|
From: Jeremy F. <je...@go...> - 2002-12-11 06:00:53
|
I realized we can take advantage of P only being generated on the lower
8 bits. For jle, we can generate something like:
movl EFLAGS(%ebp), %eax
andl $0x08C0, %eax
rorl $7, %eax
js 1f
jp 2f
1: movl $target, %eax
/* jump to target */
2: /* carry on */
and for jnle:
movl EFLAGS(%ebp), %eax
andl $0x08C0, %eax
rorl $7, %eax
js 1f
jnp 1f
/* jump to target */
1: /* carry on */
The insight here is that P only tests the lower 8 bits, so we can
independently test Z and O=S. Initially, eflags looks like:
----O--+SZ------
after the rorl it looks like:
Z------+-------+-------+---O---S
We can then use P to test O=S/O!=S and S to test the state of Z.

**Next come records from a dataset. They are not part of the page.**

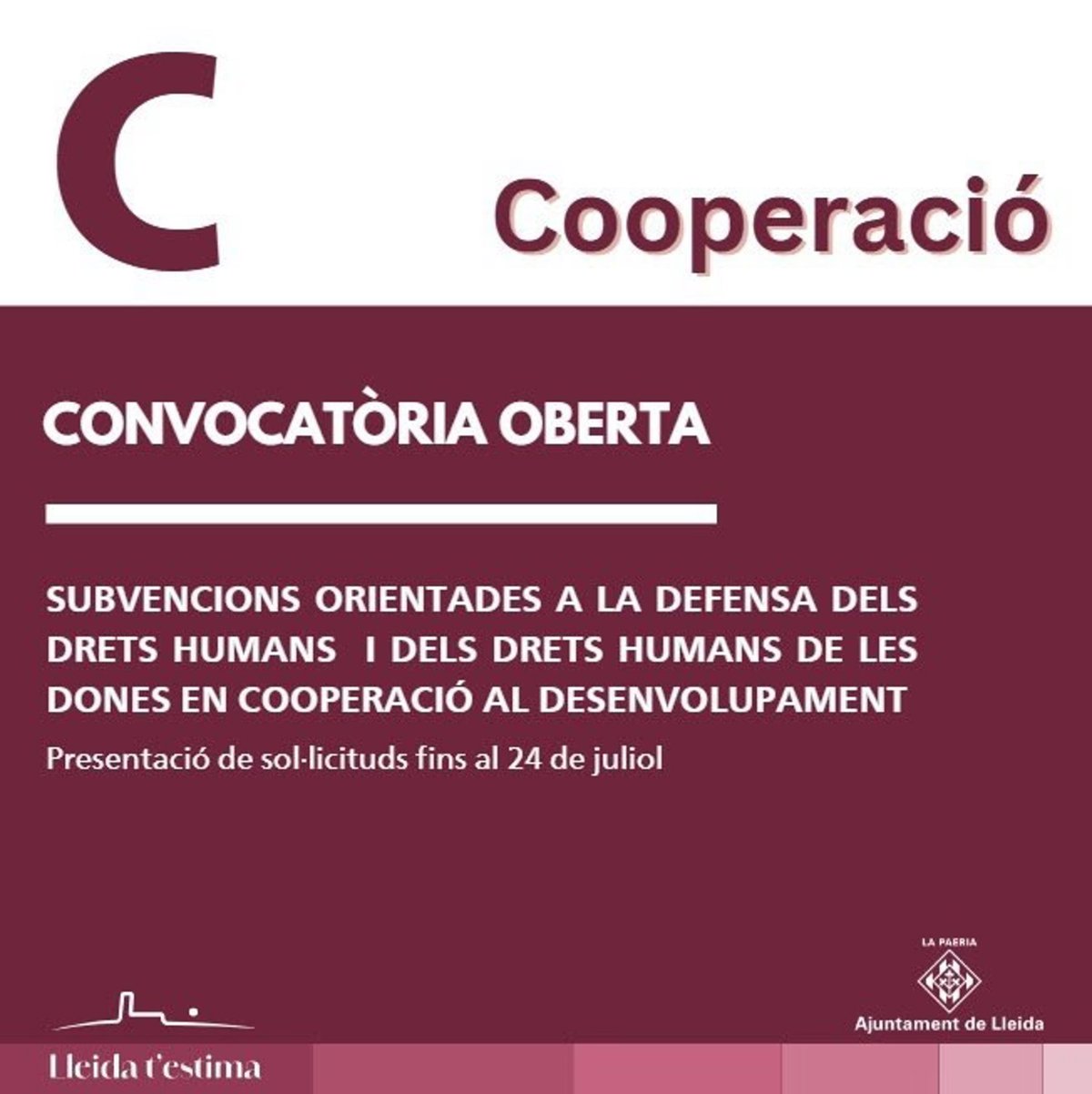La Paeria de Lleida ha abierto la convocatoria de subvenciones a las ONGD y entidades de la ciudad que quieran presentar proyectos de cooperación y defensa de los derechos humanos, con un presupuesto de 175.823,40 euros, ha informado el consistorio en un comunicado este domingo.
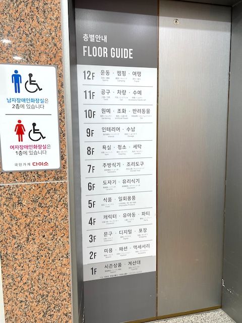 このビルは1階から12階まで全てがダイソー! フロアガイドは日本語でも書かれていて迷うこともありません。今回目指すのは2階の美容・ファッション・アクセサリー売り場です。
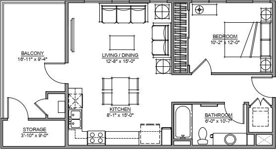 Modelo de apartamento: AspenLlame para Precios1 Dormitorio, 1 Baño, 644 sq ftNo Disponible![]()

I'm pretty sure that these two jumps are cheaper than more arithmetic
ops, because they can take advantage of prediction rather than using up
ALU resources. Unfortunately the ROR is even more expensive than the
shift on the P4; with any luck prediction of the dependent jumps will
absorb the latency. I don't know if this is really much of an
improvement; I mainly did it for hack value.
The code generation for these jumps is much easier with 72-jump, which
automates the offset computation.
Moz 1.2.1 works fine with the improved (fixed) 69-simple-jlo and
75-simple-jle.
J
|